Entity Span Suffix Classification for Nested Chinese Named Entity Recognition
Named entity recognition (NER) is one of the fundamental tasks in building knowledge graphs. For some domain-specific corpora, the text descriptions exhibit limited standardization, and some entity structures have entity nesting. The existing entity recognition methods have problems such as word matching noise interference and difficulty in distinguishing different entity labels for the same character in sequence label prediction. This paper proposes a span-based feature reuse stacked bidirectional long short term memory network (BiLSTM) nested named entity recognition (SFRSN) model, which transforms the entity recognition of sequence prediction into the problem of entity span suffix category classification. Firstly, character feature embedding is generated through bidirectional encoder representation of transformers (BERT).

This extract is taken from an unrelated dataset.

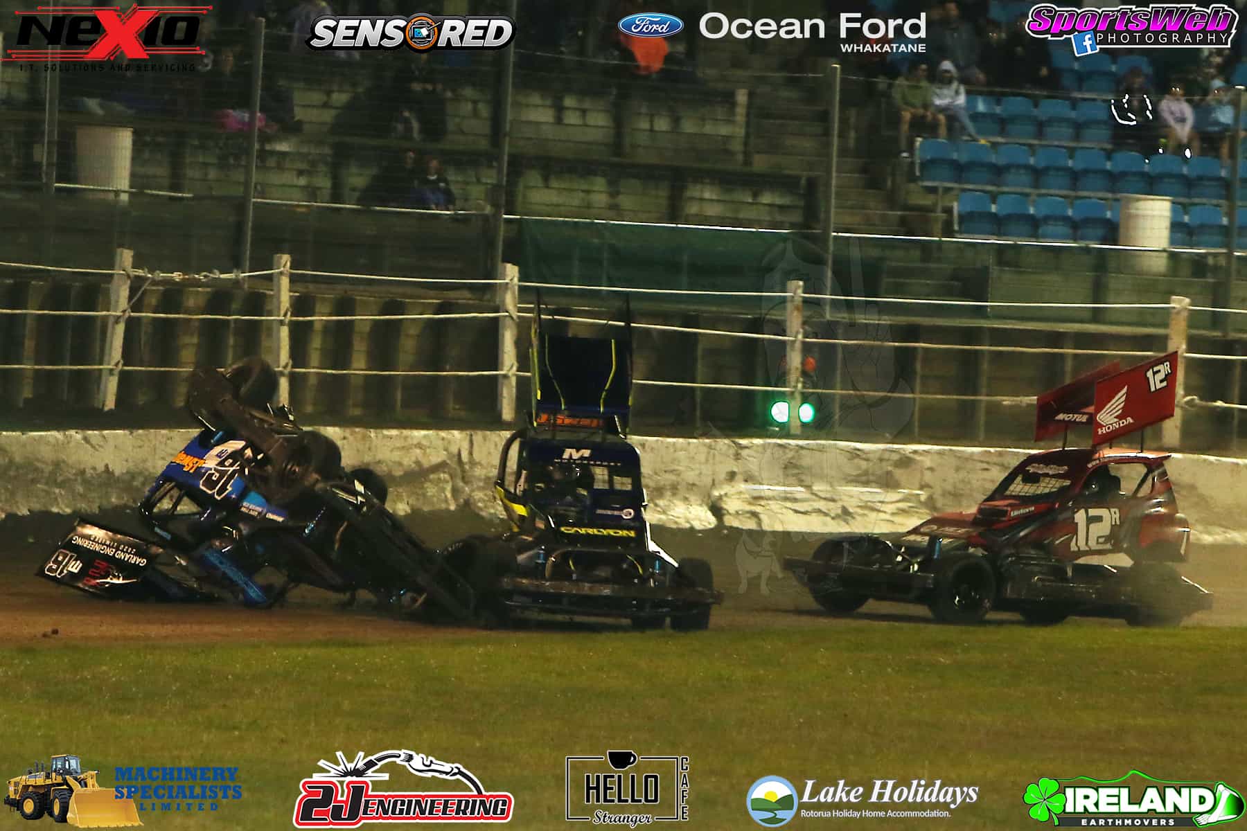 The 17 lap Superstock feature with $2k for the winner saw an all Baypark from row with team mates Hemingway and Alderdice earning those spots via their heat placings. It was frantic from the start with Alderdice in the wall hard and 5 r Logan Nicholson-Mabey also carnaged by many after getting spun. After the restart it was another red light for 16m Kyle Benton who got all out of shape and rolled. Early race leader Hemingway was held up by Stewart and walled by 95r Daryl Williams as McRobbie took the lead. There was many a battle as the laps passed by and McRobbie survived a lunge by 422b Dylan Ashton who only missed taking the leader out by inches. The 10r had had some help on his way to the overall win with Rebels team mate Stewart ensuing his captain pocketed the $2k after a busy race. Second was 23r Caleb Ashton with 18m Dan Pollock home in third with just 13 of the 26 starters classified finishers.

Secondly, a feature reuse stacked BiLSTM is proposed to obtain deep context features while alleviating the problem of deep network degradation. Thirdly, the span feature is obtained through the dilated convolution neural network (DCNN), and at the same time, a single-tail selection function is introduced to obtain the classification feature of the entity span suffix, with the aim of reducing the training parameters. Fourthly, a global feature gated attention mechanism is proposed, integrating span features and span suffix classification features to achieve span suffix classification. The experimental results on four Chinese-specific domain datasets demonstrate the effectiveness of our approach: SFRSN achieves micro-F1 scores of 83.34% on ontonotes, 73.27% on weibo, 96.90% on resume, and 86.77% on the supply chain management dataset. This represents a maximum improvement of 1.55%, 4.94%, 2.48%, and 3.47% over state-of-the-art baselines, respectively. The experimental results demonstrate the effectiveness of the model in addressing nested entities and entity label ambiguity issues.